Open fititnt opened 3 years ago
Maybe this
hdpcli --export-to-hxl-json-processing-specs tests/hxl-processing-specs/hxl-processing-specs-test-01.hdp.yml
and an file like this
- hsilo: "test1"
hrecipe:
- id: recipe1
source:
- iri: https://docs.google.com/spreadsheets/d/12k4BWqq5c3mV9ihQscPIwtuDa_QRB-iFohO7dXSSptI/edit#gid=0
filters:
- filter: with_columns
with_columns: "#vocab+id+v_iso6393_3letter,#vocab+code+v_6391,#vocab+name"
- filter: without_rows
without_rows: "#vocab+code+v_6391="
could be a good starting point. But form my experience with Ansible (and very, very large Ansible playbooks) we could do from start allow parsing several YAML files at once and just output all the json specs line by line.
But the come to this point, the hdpcli needs to implement some way to at least concatenate more than one YAML file. (the part about include_file options may be something for later).

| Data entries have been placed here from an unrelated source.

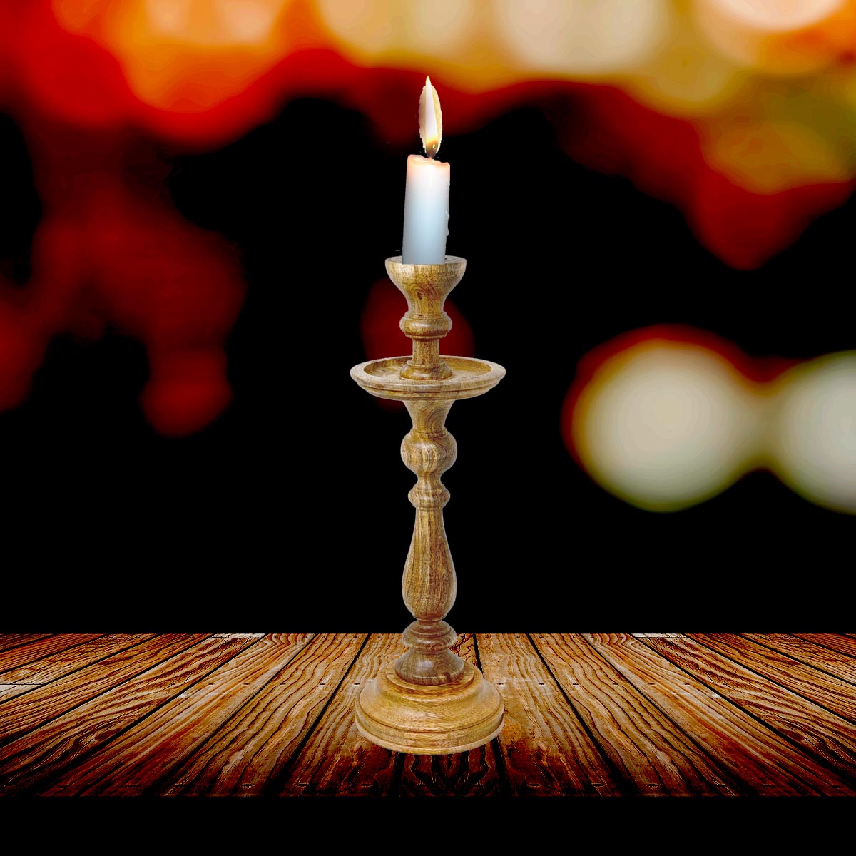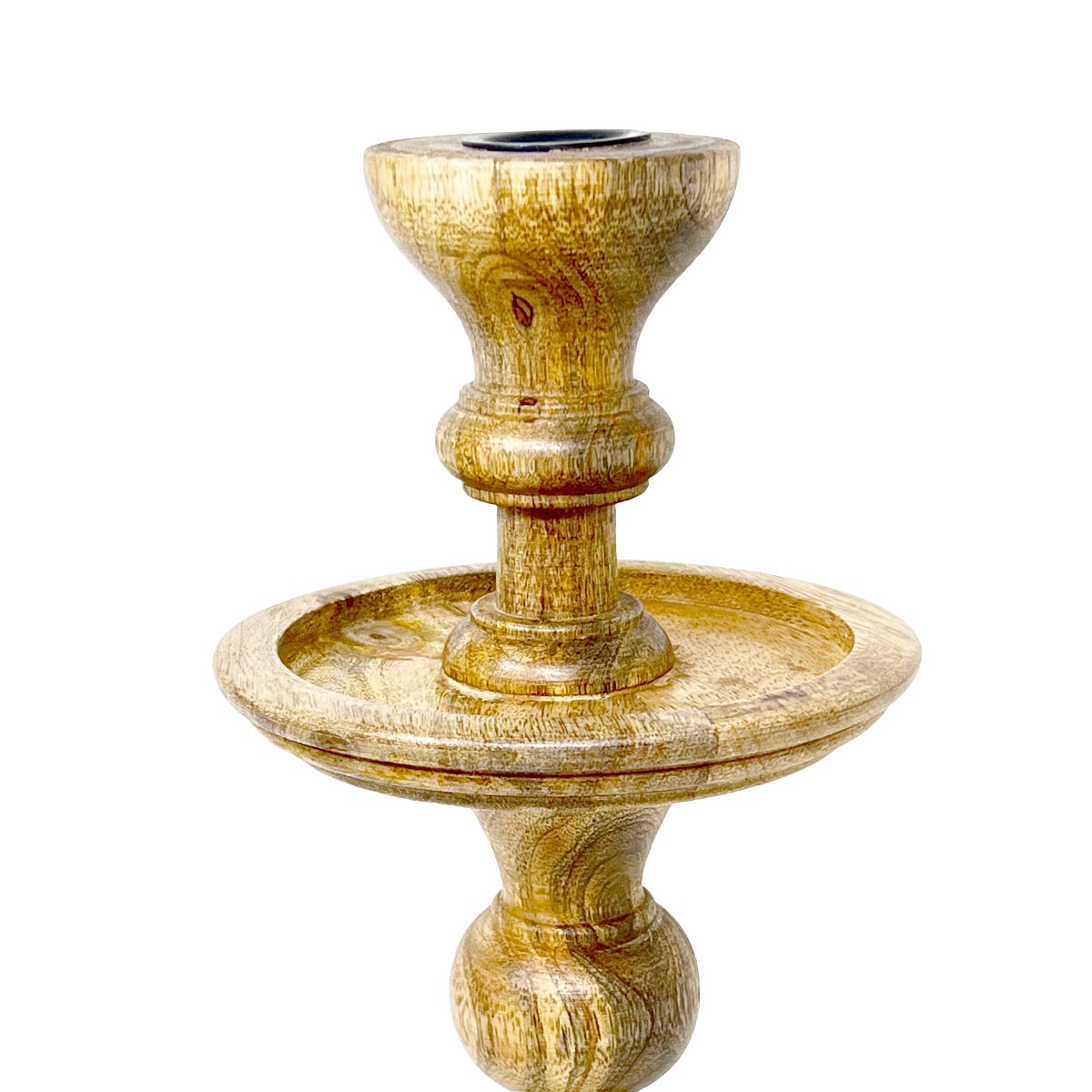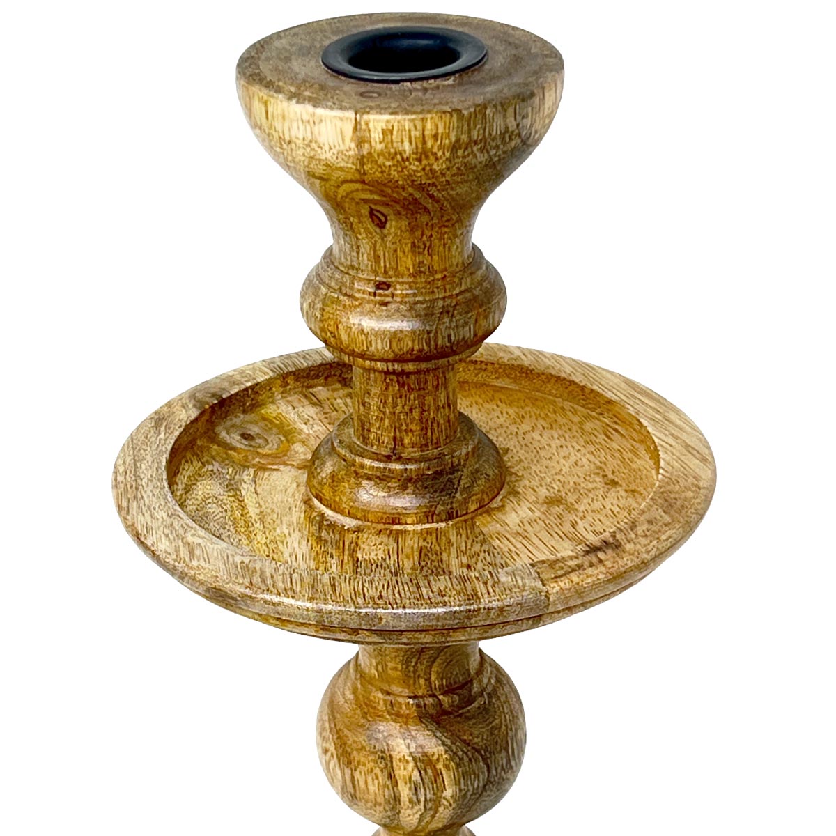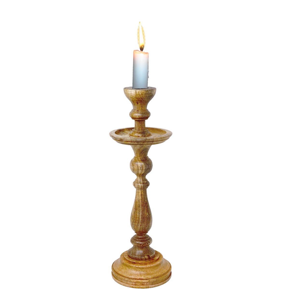 Kerzenständer 'Mia' - Nostalgischer Holz-Kerzenhalter, Geschnitzt und Schön, Helles Holz, 12 x 41 cm (ø x H), Hochwertige Verarbeitung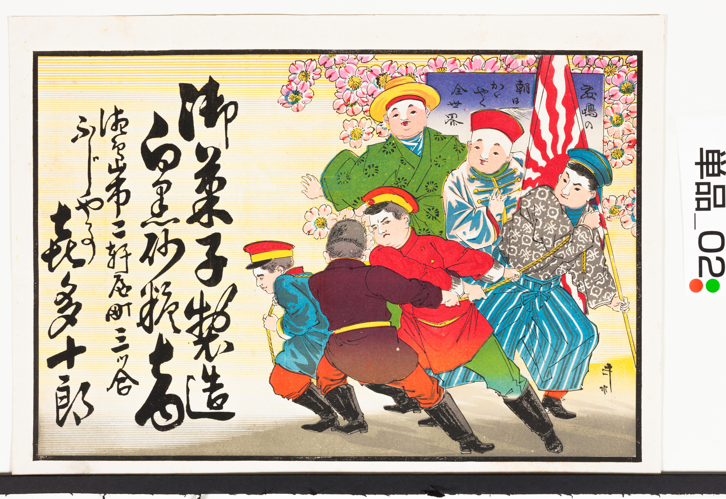 引札絵柄:三国干渉 (旭日旗を持つ日本の少年後に清・朝鮮の子、綱引きの相手は露・独・仏の子) 商店場所:徳島市二軒屋町三ツ合 商店名称:ふじや事 喜多十郎 商売内容:御菓子製造 白黒砂糖商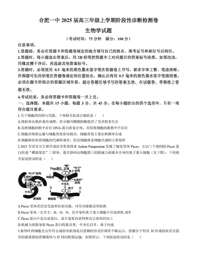 安徽省十联考合肥一中2025届高三上学期阶段性诊断检测生物试题及答案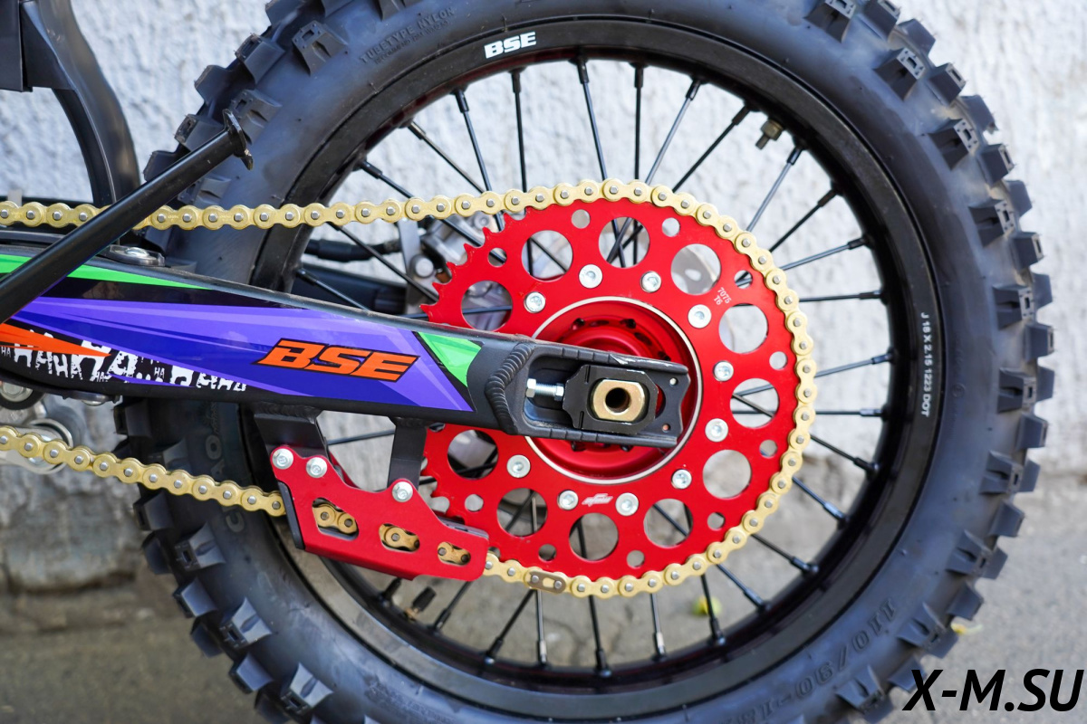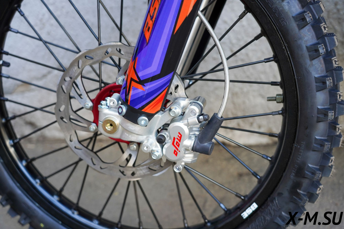 Передняя двухкамерная вилка с закрытым картриджем имеет полный диапазон регулировок, диаметр перьев - 48 мм, длина вилки – 930 мм, ход - 280 мм. Сзади установлен полностью настраиваемый моноамортизатор BSE Mojo Racing длиной 480 мм и ходом 120 мм. Подвеска с большими ходами помогает отрабатывать даже самые жесткие приземления, с лёгкостью "глотая" все неровности. Подвеску легко настроить под любой рельеф, любую трассу и стиль езды. Вы ощутите результат, когда будете сокращать секунды круг за кругом! Разработка подвески Mojo Racing производилась опытными инженерами-подвесочниками завода, а настройка — под чутким контролем заводской спортивной китайской командой BOSUER. Особое внимание было направлено на снижение веса всей подвески. Установлены новые усиленные CNC траверсы вилки.

This is the yaml file (there is some extra markup, but ignore for now).
---
- hsilo:
name: "test1"
desc: from https://docs.google.com/presentation/d/17vXOnq2atIDnrODGLs36P1EaUvT-vXPjsc2I1q1Qc50/
hrecipe:
- id: example-processing-with-a-JSON-spec
iri_example:
- iri: https://data.humdata.org/dataset/yemen-humanitarian-needs-overview
sheet_index: 1
recipe:
- filter: count
patterns: "adm1+name,adm1+code"
aggregators:
- "sum(population) as Population#population"
- filter: clean_data
number: "population"
number_format: .0f
This is the json spec result
{
"input": "https://data.humdata.org/dataset/yemen-humanitarian-needs-overview",
"recipe": [
{
"aggregators": [
"sum(population) as Population#population"
],
"filter": "count",
"patterns": "adm1+name,adm1+code"
},
{
"filter": "clean_data",
"number": "population",
"number_format": ".0f"
}
],
"sheet_index": 1
}
ERROR (hxl.io): Skipping column(s) with malformed hashtag specs: #
Gov,Gov Pcode,Population
#adm1+name,#adm1+code,#population
Abyan,YE12,618892
Ad Dali',YE30,818507
Aden,YE24,1053455
Al Bayda,YE14,795107
Al Hodeidah,YE18,2996334
Al Jawf,YE16,633596
Al Maharah,YE28,175606
Al Mahwit,YE27,770920
Amran,YE29,1221908
Dhamar,YE20,2194159
Hadramawt,YE19,1551347
Hajjah,YE17,2630678
Ibb,YE11,3143818
Lahj,YE25,1076296
Ma'rib,YE26,1086663
Raymah,YE31,562930
Sa'dah,YE22,934201
Sana'a,YE23,1370798
Sana'a City,YE13,3296342
Shabwah,YE21,676408
Socotra,YE32,69004
Ta'iz,YE15,3104579
And actually, redirecting to command line hxlspec actually worked. Just a quick warning, but worked!
Version: 4.22
We need some way to make 'inline' data tables that could work an some way to test if an HXL Data processing specs is working (and needs to work offline).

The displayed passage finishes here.